## Problem details
Without the pictures, return each record as it appears.

Entries taken from a collection:
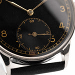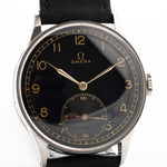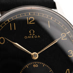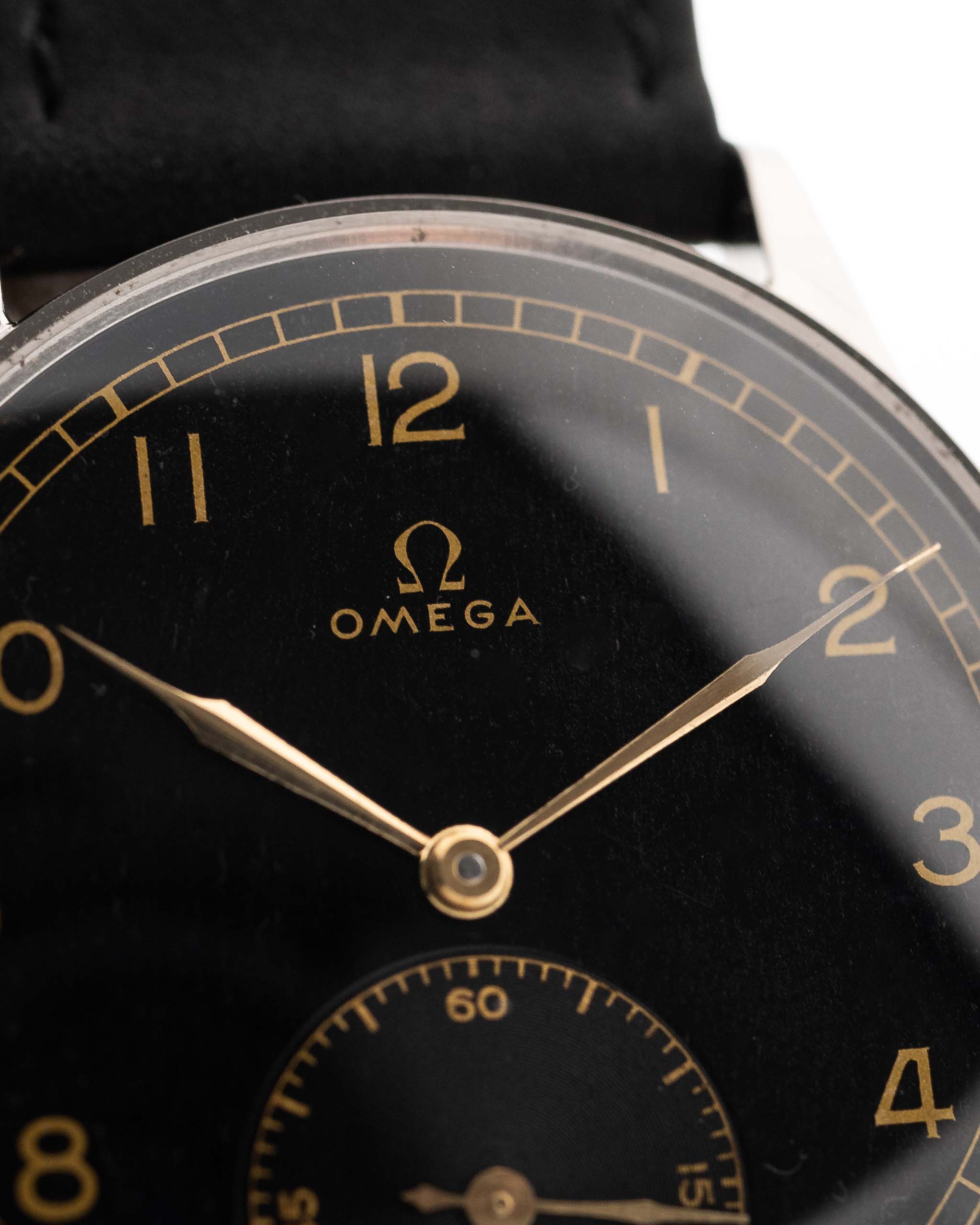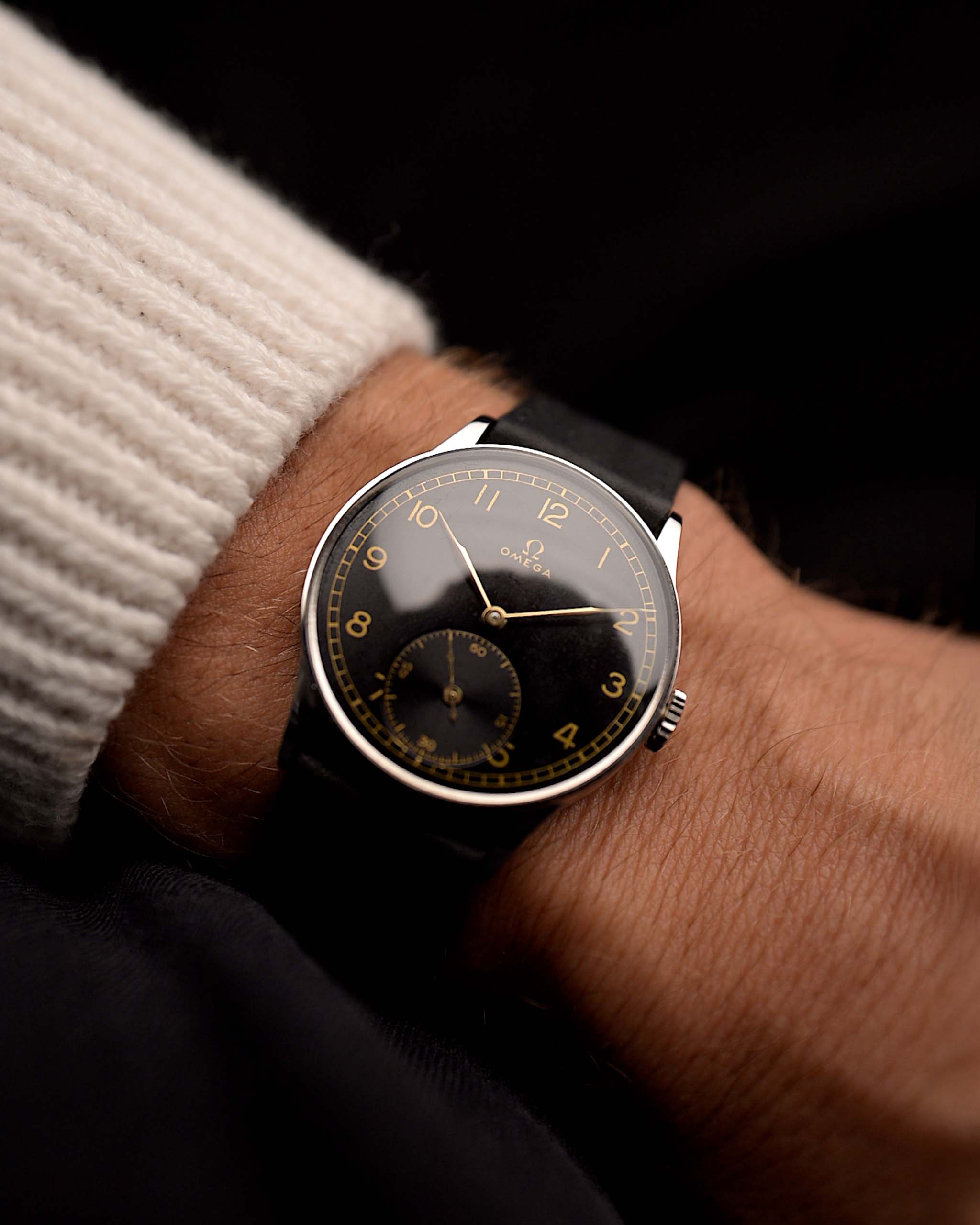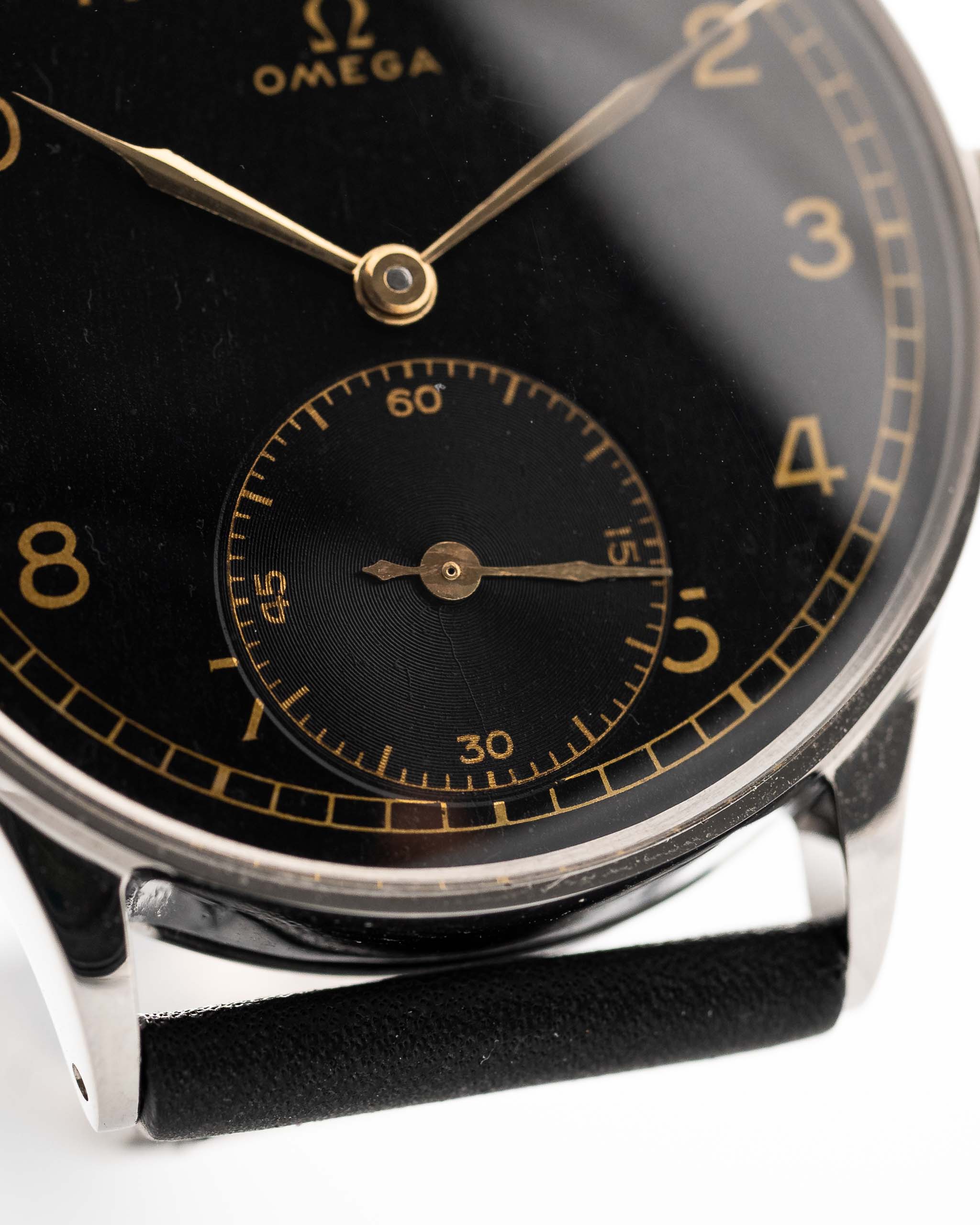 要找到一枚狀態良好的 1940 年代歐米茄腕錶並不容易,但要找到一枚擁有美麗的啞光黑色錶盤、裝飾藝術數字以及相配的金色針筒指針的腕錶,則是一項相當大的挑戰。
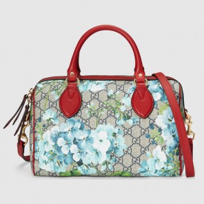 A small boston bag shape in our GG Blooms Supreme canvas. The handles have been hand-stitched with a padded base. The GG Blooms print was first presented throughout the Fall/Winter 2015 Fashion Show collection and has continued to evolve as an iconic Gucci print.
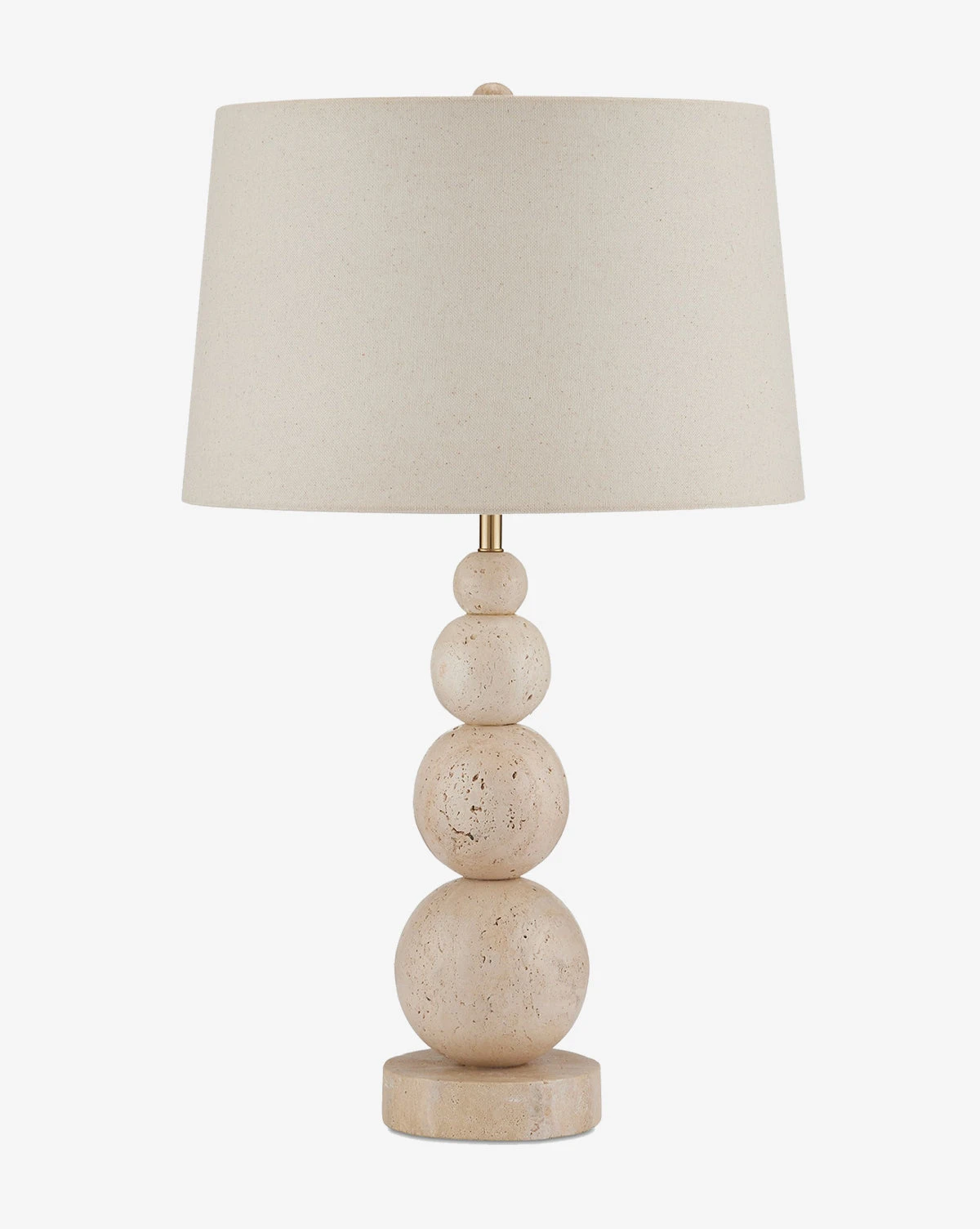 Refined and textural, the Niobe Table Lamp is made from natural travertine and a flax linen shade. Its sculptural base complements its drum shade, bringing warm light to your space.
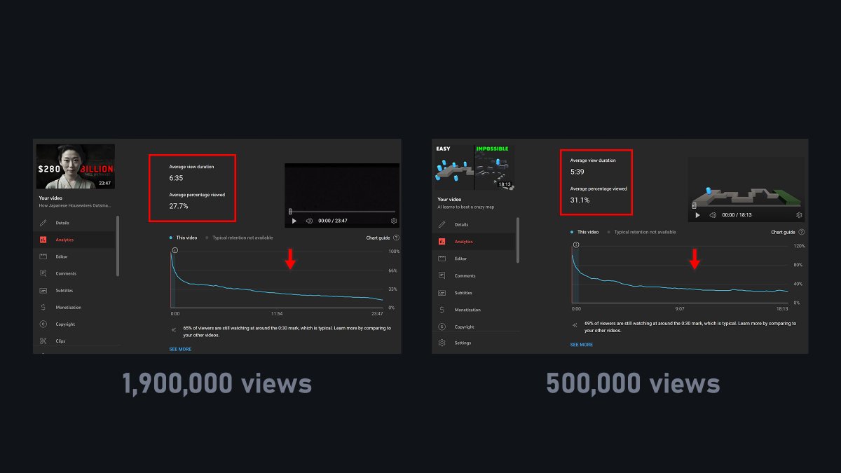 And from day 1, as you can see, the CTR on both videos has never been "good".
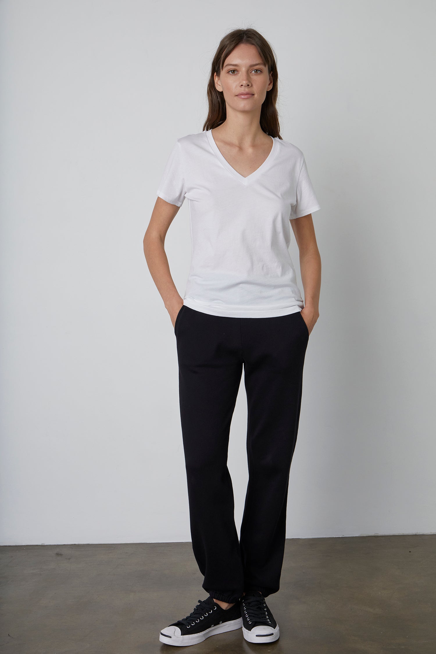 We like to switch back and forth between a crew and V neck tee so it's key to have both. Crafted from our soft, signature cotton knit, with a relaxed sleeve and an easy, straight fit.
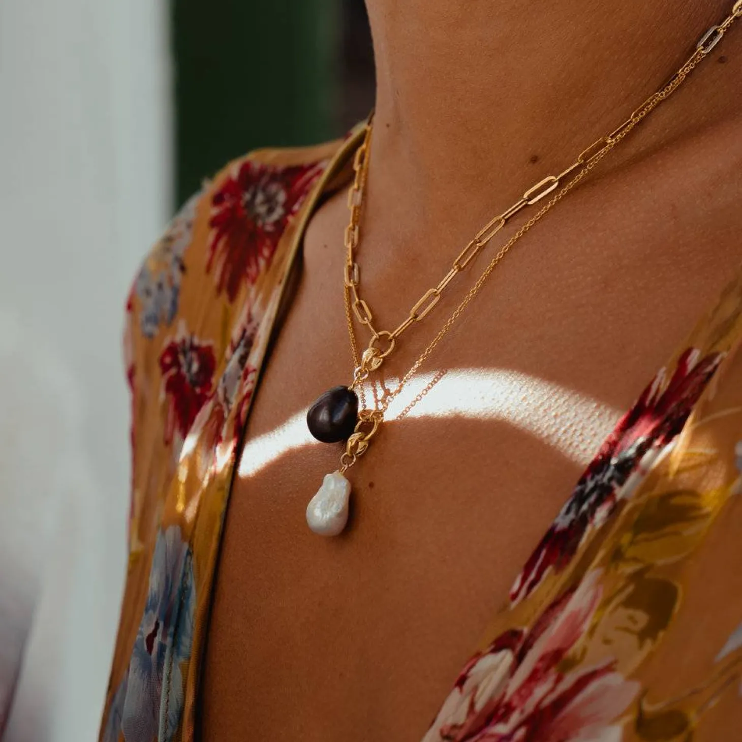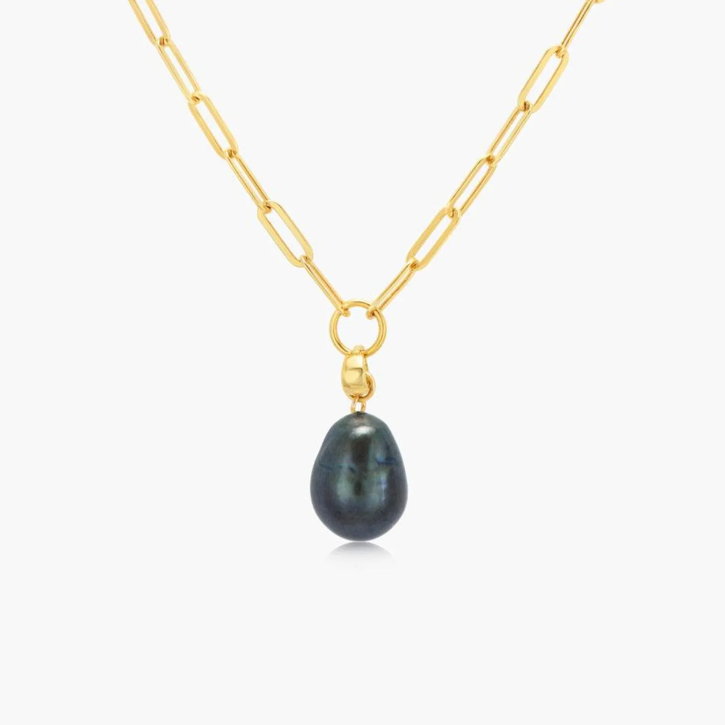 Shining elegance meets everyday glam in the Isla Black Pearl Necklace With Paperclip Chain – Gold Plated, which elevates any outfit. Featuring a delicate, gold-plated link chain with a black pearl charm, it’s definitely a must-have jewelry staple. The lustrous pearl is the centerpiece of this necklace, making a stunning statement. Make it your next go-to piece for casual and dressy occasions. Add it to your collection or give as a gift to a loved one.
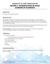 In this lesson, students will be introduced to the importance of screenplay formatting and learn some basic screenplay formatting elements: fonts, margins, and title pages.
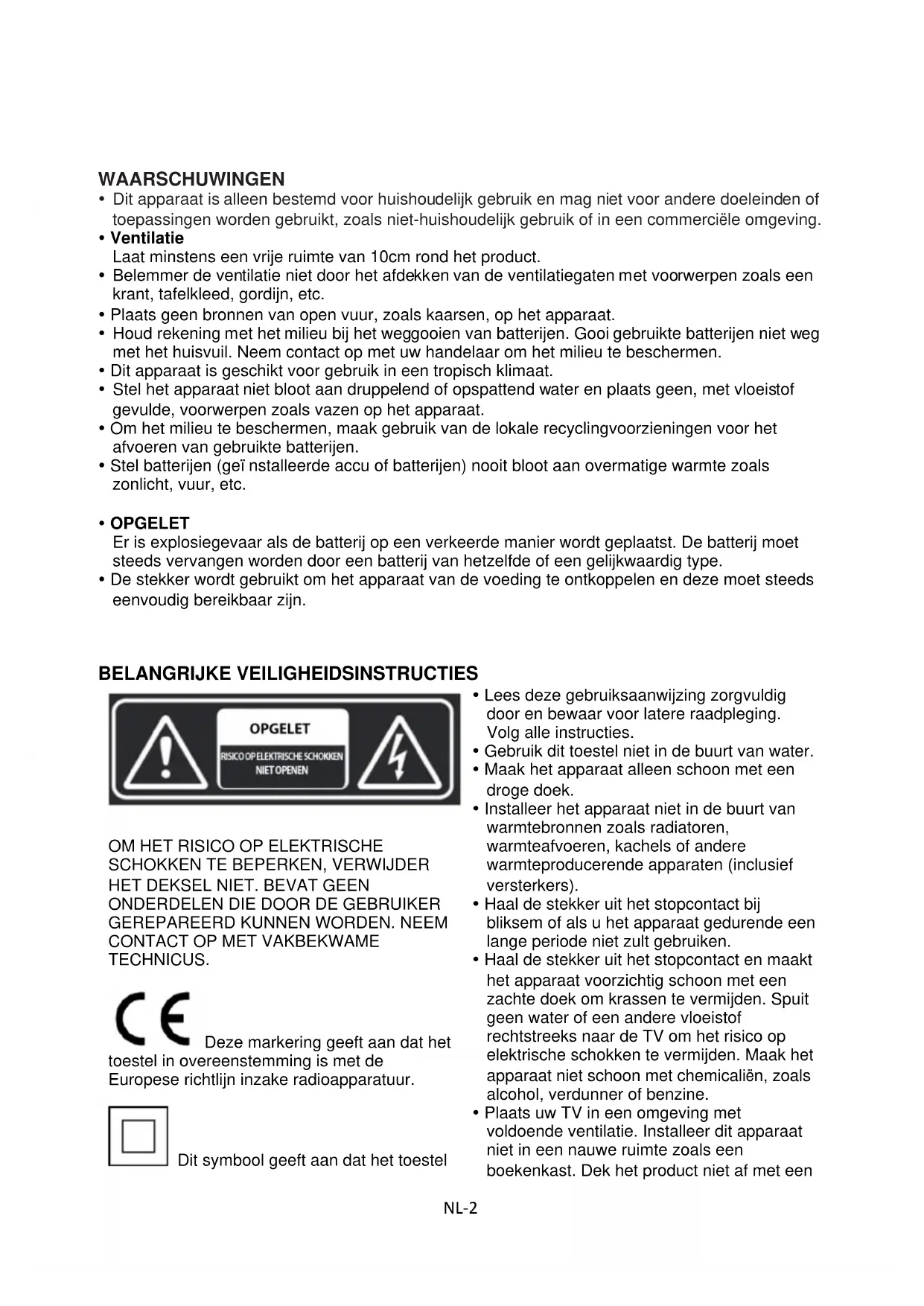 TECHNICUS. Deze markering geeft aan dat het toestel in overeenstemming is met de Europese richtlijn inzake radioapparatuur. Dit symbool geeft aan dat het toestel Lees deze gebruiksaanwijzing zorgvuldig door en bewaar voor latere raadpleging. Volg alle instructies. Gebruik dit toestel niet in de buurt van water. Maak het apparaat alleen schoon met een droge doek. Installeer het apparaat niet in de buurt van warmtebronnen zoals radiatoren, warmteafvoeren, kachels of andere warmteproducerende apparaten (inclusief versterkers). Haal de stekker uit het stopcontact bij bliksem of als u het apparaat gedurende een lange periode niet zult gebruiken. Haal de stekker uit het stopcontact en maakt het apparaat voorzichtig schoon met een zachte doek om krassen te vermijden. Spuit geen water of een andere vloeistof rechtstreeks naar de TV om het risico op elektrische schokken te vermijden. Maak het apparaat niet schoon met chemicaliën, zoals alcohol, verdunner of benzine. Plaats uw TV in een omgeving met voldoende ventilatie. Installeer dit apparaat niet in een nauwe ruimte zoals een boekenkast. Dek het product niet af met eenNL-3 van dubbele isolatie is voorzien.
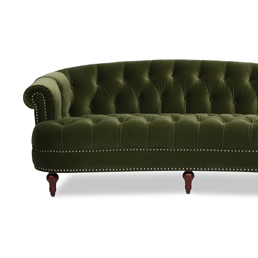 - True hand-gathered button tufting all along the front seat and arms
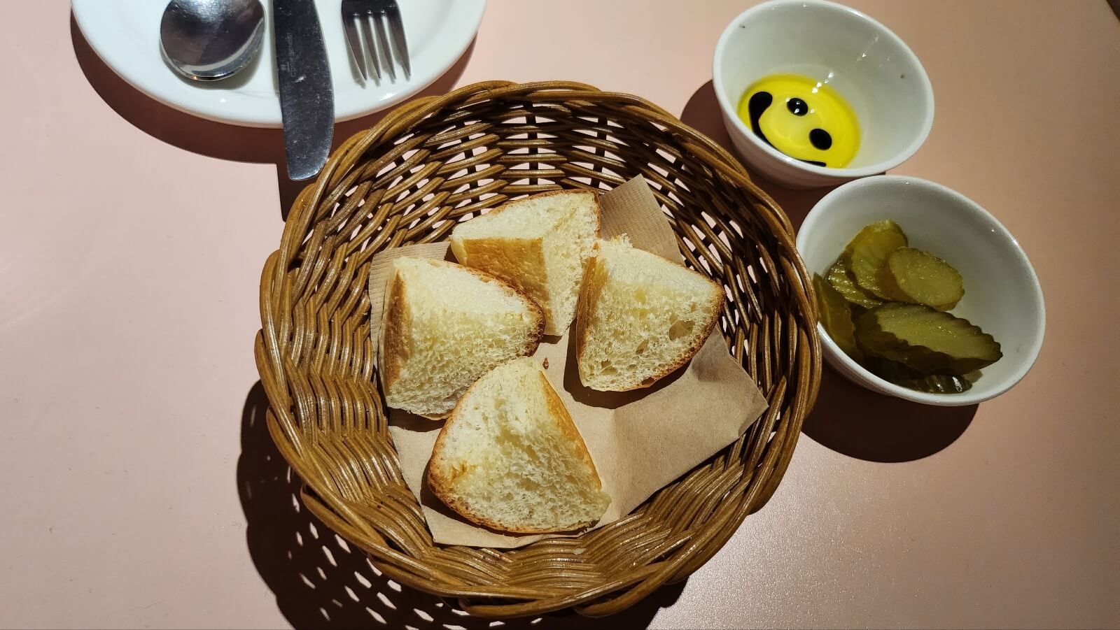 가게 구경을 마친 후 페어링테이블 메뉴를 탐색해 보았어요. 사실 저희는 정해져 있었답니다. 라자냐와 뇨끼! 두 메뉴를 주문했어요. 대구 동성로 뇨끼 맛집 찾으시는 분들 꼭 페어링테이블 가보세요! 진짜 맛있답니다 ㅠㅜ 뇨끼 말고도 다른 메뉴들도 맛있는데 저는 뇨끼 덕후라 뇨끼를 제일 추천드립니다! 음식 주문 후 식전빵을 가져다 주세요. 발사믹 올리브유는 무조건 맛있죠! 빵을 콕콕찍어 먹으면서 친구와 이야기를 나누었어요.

## Answer
 要找到一枚狀態良好的 1940 年代歐米茄腕錶並不容易,但要找到一枚擁有美麗的啞光黑色錶盤、裝飾藝術數字以及相配的金色針筒指針的腕錶,則是一項相當大的挑戰。
 A small boston bag shape in our GG Blooms Supreme canvas. The handles have been hand-stitched with a padded base. The GG Blooms print was first presented throughout the Fall/Winter 2015 Fashion Show collection and has continued to evolve as an iconic Gucci print.
 Refined and textural, the Niobe Table Lamp is made from natural travertine and a flax linen shade. Its sculptural base complements its drum shade, bringing warm light to your space.
 And from day 1, as you can see, the CTR on both videos has never been "good".
 We like to switch back and forth between a crew and V neck tee so it's key to have both. Crafted from our soft, signature cotton knit, with a relaxed sleeve and an easy, straight fit.
 Shining elegance meets everyday glam in the Isla Black Pearl Necklace With Paperclip Chain – Gold Plated, which elevates any outfit. Featuring a delicate, gold-plated link chain with a black pearl charm, it’s definitely a must-have jewelry staple. The lustrous pearl is the centerpiece of this necklace, making a stunning statement. Make it your next go-to piece for casual and dressy occasions. Add it to your collection or give as a gift to a loved one.
 In this lesson, students will be introduced to the importance of screenplay formatting and learn some basic screenplay formatting elements: fonts, margins, and title pages.
 TECHNICUS. Deze markering geeft aan dat het toestel in overeenstemming is met de Europese richtlijn inzake radioapparatuur. Dit symbool geeft aan dat het toestel Lees deze gebruiksaanwijzing zorgvuldig door en bewaar voor latere raadpleging. Volg alle instructies. Gebruik dit toestel niet in de buurt van water. Maak het apparaat alleen schoon met een droge doek. Installeer het apparaat niet in de buurt van warmtebronnen zoals radiatoren, warmteafvoeren, kachels of andere warmteproducerende apparaten (inclusief versterkers). Haal de stekker uit het stopcontact bij bliksem of als u het apparaat gedurende een lange periode niet zult gebruiken. Haal de stekker uit het stopcontact en maakt het apparaat voorzichtig schoon met een zachte doek om krassen te vermijden. Spuit geen water of een andere vloeistof rechtstreeks naar de TV om het risico op elektrische schokken te vermijden. Maak het apparaat niet schoon met chemicaliën, zoals alcohol, verdunner of benzine. Plaats uw TV in een omgeving met voldoende ventilatie. Installeer dit apparaat niet in een nauwe ruimte zoals een boekenkast. Dek het product niet af met eenNL-3 van dubbele isolatie is voorzien.
 - True hand-gathered button tufting all along the front seat and arms
 가게 구경을 마친 후 페어링테이블 메뉴를 탐색해 보았어요. 사실 저희는 정해져 있었답니다. 라자냐와 뇨끼! 두 메뉴를 주문했어요. 대구 동성로 뇨끼 맛집 찾으시는 분들 꼭 페어링테이블 가보세요! 진짜 맛있답니다 ㅠㅜ 뇨끼 말고도 다른 메뉴들도 맛있는데 저는 뇨끼 덕후라 뇨끼를 제일 추천드립니다! 음식 주문 후 식전빵을 가져다 주세요. 발사믹 올리브유는 무조건 맛있죠! 빵을 콕콕찍어 먹으면서 친구와 이야기를 나누었어요.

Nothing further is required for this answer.